Lesson 8.4 — Application sandboxing: how app store controls work and what to check for Option B

This lesson explains how application sandboxing works as the underlying mechanism behind Option B (application allow-listing and app store controls) in the Cyber Essentials Malware Protection control.

What You'll Be Able to Do

By the end of this lesson, you will be able to:

  • explain what application sandboxing is and how it relates to Option B under Cyber Essentials 2026
  • review trusted app sources and app store controls
  • check app permission controls
  • identify sideloading
  • rooting and jailbreaking risks
  • review MDM/MAM controls

Why This Matters

The 2026 Cyber Essentials scheme recognises two malware protection options: anti-malware software (Option A, for Windows and macOS) and application allow-listing including app store controls (Option B, for all device types).

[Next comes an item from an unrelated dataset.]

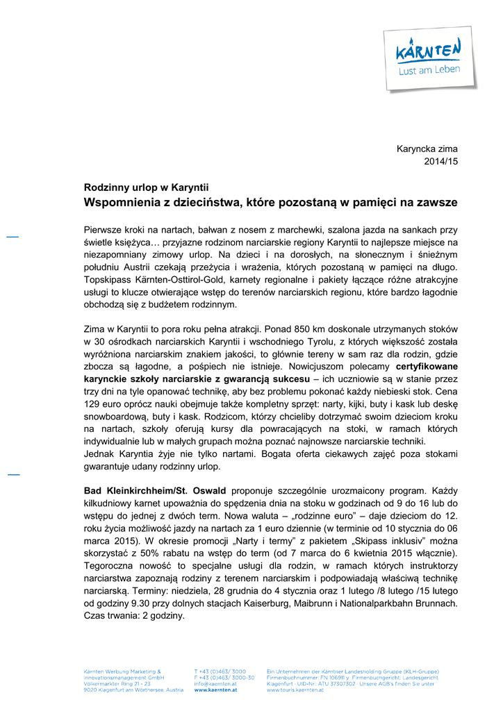 Karyncka zima 2014/15 Rodzinny urlop w Karyntii Wspomnienia z dzieciństwa, które pozostaną w pamięci na zawsze Pierwsze kroki na nartach, bałwan z nosem z marchewki, szalona jazda na sankach przy świetle księżyca… przyjazne rodzinom narciarskie regiony Karyntii to najlepsze miejsce na niezapomniany zimowy urlop. Na dzieci i na dorosłych, na słonecznym i śnieżnym południu Austrii czekają przeżycia i wrażenia, których pozostaną w pamięci na długo. Topskipass Kärnten-Osttirol-Gold, karnety regionalne i pakiety łączące różne atrakcyjne usługi to klucze otwierające wstęp do terenów narciarskich regionu, które bardzo łagodnie obchodzą się z budżetem rodzinnym. Zima w Karyntii to pora roku pełna atrakcji. Ponad 850 km doskonale utrzymanych stoków w 30 ośrodkach narciarskich Karyntii i wschodniego Tyrolu, z których większość została wyróżniona narciarskim znakiem jakości, to głównie tereny w sam raz dla rodzin, gdzie zbocza są łagodne, a pośpiech nie istnieje. Nowicjuszom polecamy certyfikowane karynckie szkoły narciarskie z gwarancją sukcesu – ich uczniowie są w stanie przez trzy dni na tyle opanować technikę, aby bez problemu pokonać każdy niebieski stok. Cena 129 euro oprócz nauki obejmuje także kompletny sprzęt: narty, kijki, buty i kask lub deskę snowboardową, buty i kask. Rodzicom, którzy chcieliby dotrzymać swoim dzieciom kroku na nartach, szkoły oferują kursy dla powracających na stoki, w ramach których indywidualnie lub w małych grupach można poznać najnowsze narciarskie techniki. Jednak Karyntia żyje nie tylko nartami. Bogata oferta ciekawych zajęć poza stokami gwarantuje udany rodzinny urlop. Bad Kleinkirchheim/St. Oswald proponuje szczególnie urozmaicony program. Każdy kilkudniowy karnet upoważnia do spędzenia dnia na stoku w godzinach od 9 do 16 lub do wstępu do jednej z dwóch term. Nowa waluta – „rodzinne euro” – daje dzieciom do 12. roku życia możliwość jazdy na nartach za 1 euro dziennie (w terminie od 10 stycznia do 06 marca 2015). W okresie promocji „Narty i termy” z pakietem „Skipass inklusiv” można skorzystać z 50% rabatu na wstęp do term (od 7 marca do 6 kwietnia 2015 włącznie). Tegoroczna nowość to specjalne usługi dla rodzin, w ramach których instruktorzy narciarstwa zapoznają rodziny z terenem narciarskim i podpowiadają właściwą technikę narciarską. Terminy: niedziela, 28 grudnia do 4 stycznia oraz 1 lutego /8 lutego /15 lutego od godziny 9.30 przy dolnych stacjach Kaiserburg, Maibrunn i Nationalparkbahn Brunnach. Czas trwania: 2 godziny. Nassfeld, jeden z dziesięciu najlepszych terenów narciarskich w Austrii, może się również pochwalić doskonałą ofertą dla rodzin. Składają się na nią m.in. nowoczesne i dostosowane do potrzeb najmłodszych kolejki linowe, trzy tereny do ćwiczeń dla dzieci, łagodne trasy zjazdowe i przyjazne ceny. I tak na przykład narty dla dzieci można wypożyczyć już za 1 euro dziennie, a w ramach promocji „SkiHits for Kids PREMIUM” dzieci do lat 9,9 wypoczywają bezpłatnie: od 05.12 do 24.12.2014 i od 14.03 do 12.04.2015 dzieci śpią w pokoju rodziców lub dziadków bez żadnych opłat (oferta obejmuje także wyżywienie) i również bezpłatnie otrzymują karnet narciarski, kurs jazdy na nartach i sprzęt (w tym kask). Dzieci, które nie ukończyły 15. roku życia za wszystkie pakiety Ski-Hit płacą tylko połowę. Ulubieńcem najmłodszych jest pingwin BOBO – maskotka i dobry duch miniklubu BOBO, gdzie maluchy w wieku od lat 3 do 5 bawią się pod okiem opiekunów. W programie dnia klubu znajdziemy między innymi wyprawy na sanki, naukę jazdy na nartach, teatrzyk kukiełkowy, a w międzyczasie posiłek. „Im mniejszy, tym taniej” – zgodnie z tą zasadą ułożono cennik narciarskiego centrum dla dzieci Kinder-Skiwelt Weissensee. Za hotel, wyciąg, szkołę narciarską, a nawet za wypożyczenie sprzętu płaci się stosownie do wzrostu użytkownika. Kto najszybciej ukończy slalom na lodzie? Kto ulepi największego bałwana? Podczas dziecięcej olimpiady na lodzie i śniegu liczy się przede wszystkim zabawa i ruch na świeżym powietrzu. Od 22 lutego do 8 marca 2015 r. dzieci, których rodzice zarezerwują pobyt w jednym z 50 obiektów partnerskich, będą mogły wziąć udział w zawodach gratis. Górę Katschberg również można ze spokojnym sumieniem nazwać rajem dla najmłodszych. Katschi’s Kinderwelt to teren narciarski dla dzieci, na którym najmłodszym narciarzom kibicują barwne postaci z komiksów. W razie potrzeby maluchy mogą się ogrzać w specjalnych pawilonach. Dodatkowo, w każdą środę w centrum Jazdy Konnej odbywa się parada maskotek. Niewielkie rozmiary terenu narciarskiego Turracher Höhe są w oczach rodzin jego najważniejszą zaletą. Ale nie jedyną, bo do spędzenia urlopu w rodzinnym gronie zachęcają specjalne zniżki przy zakupie karnetów dziennych, kursy jazdy na nartach dla dzieci i hotele z ofertą dostosowaną do potrzeb najmłodszych (np. z opieką w weekendy lub podczas ferii codziennie). Absolutnym hitem zdaniem dzieci i dorosłych jest kolejka górska Nocky Flitzer. Heidi-Alm Skipark na terenie narciarskim Falkert to idealne miejsce dla adeptów narciarstwa. Są tu bezpieczne, rozległe stoki, nie ma natomiast kolejek do wyciągów – idealne miejsce dla początkujących! Tradycyjnie popularnością wśród rodzin cieszy się region Lieser-Maltatal z terenem narciarskim Innerkrems. Jedną z jego atrakcji jest Windel-Wedel-Camp – kurs jazdy na nartach dla najmłodszych z najmłodszych – szusowania uczą się tutaj maluchy w wieku od 2. roku życia. Goście hotelu dla rodzin z małymi dziećmi otrzymują zimą do każdej rezerwacji bezpłatne bilety na wyciągi w Innerkrems. Każda środa to dzień przygody: gdy na torze bobslejowym Fire & Ice i podczas zjazdów na sankach wypieki z emocji pojawiają się nie tylko na dziecięcych policzkach, na l

Sandboxing is not a separate third option — it is the technical foundation that makes Option B effective on mobile and tablet platforms.

The most common problems are:

  • assuming mobile devices are automatically safe;
  • relying on sandboxing while allowing sideloading from unknown sources;
  • allowing rooted or jailbroken devices;
  • allowing unsupported OS versions;

The Core Rule

Cyber Essentials 2026 has two malware protection options: anti-malware software (Option A, for Windows and macOS devices) and application allow-listing including app store controls (Option B, for all device types including mobiles and tablets).

Sandboxing is not a separate third option. It is the underlying mechanism that makes Option B effective on mobile platforms — iOS and Android restrict what apps can access by design, which is sandboxing in practice.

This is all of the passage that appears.